Jouhet J, Maréchal E, Baldan B, Bligny R, Joyard J, Block MA - J. Cell Biol. (2004)

Bottom Line: Mitochondria do not synthesize this pool of DGDG, which structure is shown to be characteristic of a DGD type enzyme present in plastid envelope.This transfer does not apparently involve the endomembrane system and would rather be dependent upon contacts between plastids and mitochondria.Contacts sites are favored at early stages of phosphate deprivation when DGDG cell content is just starting to respond to phosphate deprivation.

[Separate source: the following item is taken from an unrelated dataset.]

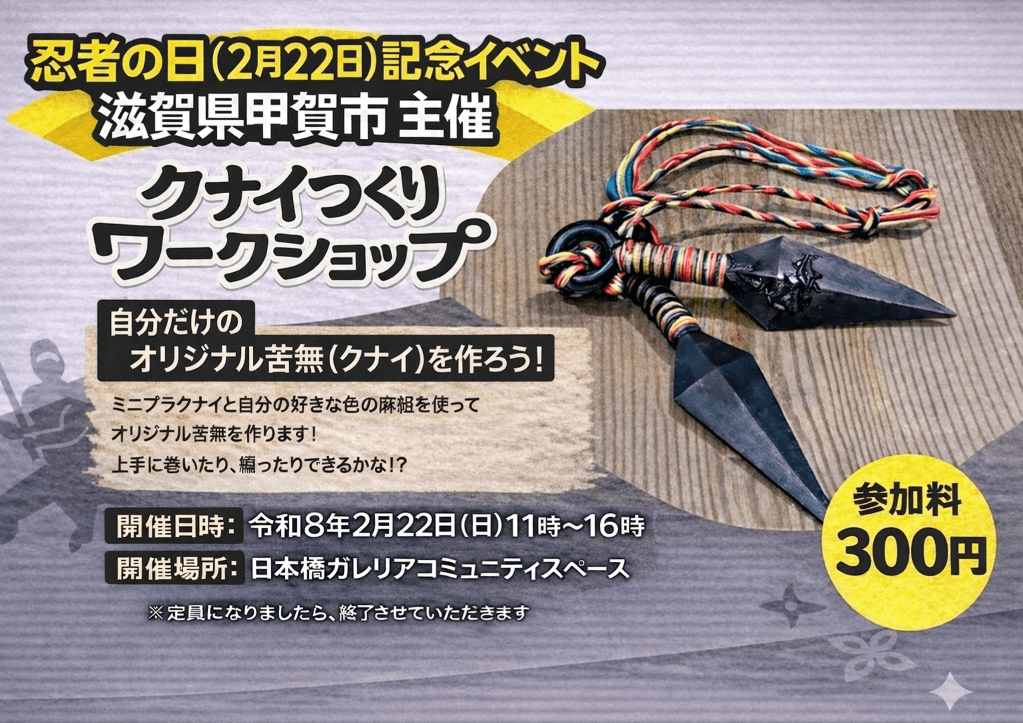 2/22東京にて開催!甲賀流オリジナルクナイつくり

View Article: PubMed Central - PubMed

Affiliation: Laboratoire de Physiologie Cellulaire Végétale, UMR 5168 (CNRS/CEA/Université Jseph Fourier/INRA), DRDC-PCV, CEA-Grenoble, Grenoble, France.

ABSTRACT
In many soils plants have to grow in a shortage of phosphate, leading to development of phosphate-saving mechanisms. At the cellular level, these mechanisms include conversion of phospholipids into glycolipids, mainly digalactosyldiacylglycerol (DGDG). The lipid changes are not restricted to plastid membranes where DGDG is synthesized and resides under normal conditions. In plant cells deprived of phosphate, mitochondria contain a high concentration of DGDG, whereas mitochondria have no glycolipids in control cells. Mitochondria do not synthesize this pool of DGDG, which structure is shown to be characteristic of a DGD type enzyme present in plastid envelope. The transfer of DGDG between plastid and mitochondria is investigated and detected between mitochondria-closely associated envelope vesicles and mitochondria. This transfer does not apparently involve the endomembrane system and would rather be dependent upon contacts between plastids and mitochondria. Contacts sites are favored at early stages of phosphate deprivation when DGDG cell content is just starting to respond to phosphate deprivation.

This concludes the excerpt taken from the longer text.